Methodologies for task-fMRI based prognostic biomarkers in response to aphasia treatment.

With the diversity in aphasia coupled with diminished gains at the chronic phase, it is imperative to deliver effective rehabilitation plans. Treatment outcomes have therefore been predicted using lesion-to-symptom mapping, but this method lacks holistic functional information about the language-network. This study, therefore, aims to develop whole-brain task-fMRI multivariate analysis to neurobiologically inspect lesion impacts on the language-network and predict behavioral outcomes in persons with aphasia (PWA) undergoing language therapy. In 14 chronic PWA, semantic fluency task-fMRI and behavioral measures were collected to develop prediction methodologies for post-treatment outcomes. Then, a recently developed imaging-based multivariate method to predict behavior (i.e., LESYMAP) was optimized to intake whole-brain task-fMRI data, and systematically tested for reliability with mass univariate methods. We also accounted for lesion size in both methods. Results showed that both mass univariate and multivariate methods identified unique biomarkers for semantic fluency improvements from baseline to 2-weeks post-treatment. Additionally, both methods demonstrated reliable spatial overlap in task-specific areas including the right middle frontal gyrus when identifying biomarkers of language discourse. Thus whole-brain task-fMRI multivariate analysis has the potential to identify functionally meaningful prognostic biomarkers even for relatively small sample sizes. In sum, our task-fMRI based multivariate approach holistically estimates post-treatment response for both word and sentence production and may serve as a complementary tool to mass univariate analysis in developing brain-behavior relationships for improved personalization of aphasia rehabilitation regimens.

ASL MRI informs blood flow to chronic stroke lesions in patients with aphasia.

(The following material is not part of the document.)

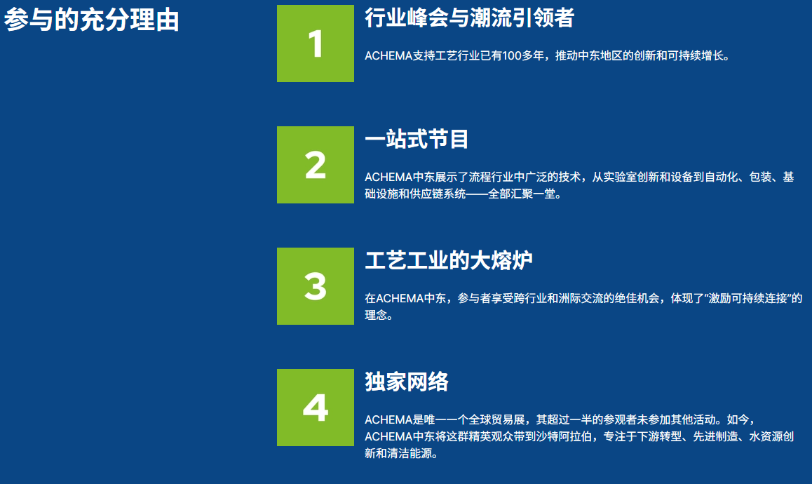 在DECHEMA、法兰克福展览会和工业与矿产资源部的支持下,ACHEMA中东是该地区首个三年一度的盛会。

Introduction: Response to post-stroke aphasia language rehabilitation is difficult to anticipate, mainly because few predictors can help identify optimal, individualized treatment options. Imaging techniques, such as Voxel-based Lesion Symptom Mapping have been useful in linking specific brain areas to language behavior; however, further development is required to optimize the use of structural and physiological information in guiding individualized treatment for persons with aphasia (PWA). In this study, we will determine if cerebral blood flow (CBF) mapped in patients with chronic strokes can be further used to understand stroke-related factors and behavior. Methods: We collected perfusion MRI data using pseudo-Continuous Arterial Spin Labeling (pCASL) using a single post-labeling delay of 2,200 ms in 14 chronic PWA, along with high-resolution structural MRI to compute maps of tissue damage using Tissue Integrity Gradation via T2w T1w Ratio (TIGR). To quantify the CBF in chronic stroke lesions, we tested at what point spatial smoothing should be applied in the ASL analysis pipeline. We then related CBF to tissue damage, time since stroke, age, sex, and their respective cross-terms to further understand the variability in lesion CBF. Finally, we assessed the feasibility of computing multivariate brain-behavior maps using CBF and compared them to brain-behavior maps extracted with TIGR MRI. Results: We found that the CBF in chronic stroke lesions is significantly reduced compared to its homologue grey and white matter regions. However, a reliable CBF signal (although smaller than expected) was detected to reveal a negative relationship between CBF and increasing tissue damage. Further, the relationship between the lesion CBF and age, sex, time since stroke, and tissue damage and cross-terms suggested an aging-by-disease interaction. This relationship was strongest when smoothing was applied in the template space. Finally, we show that whole-brain CBF relates to domain-general visuospatial functioning in PWA. The CBF-based brain-behavior maps provide unique and complementary information to structural (lesion-based) brain-behavior maps. Discussion: Therefore, CBF can be detected in chronic stroke lesions using a standard pCASL MRI acquisition and is informative at the whole-brain level in identifying stroke rehabilitation targets in PWAs due to its relationship with demographic factors, stroke-related factors, and behavior.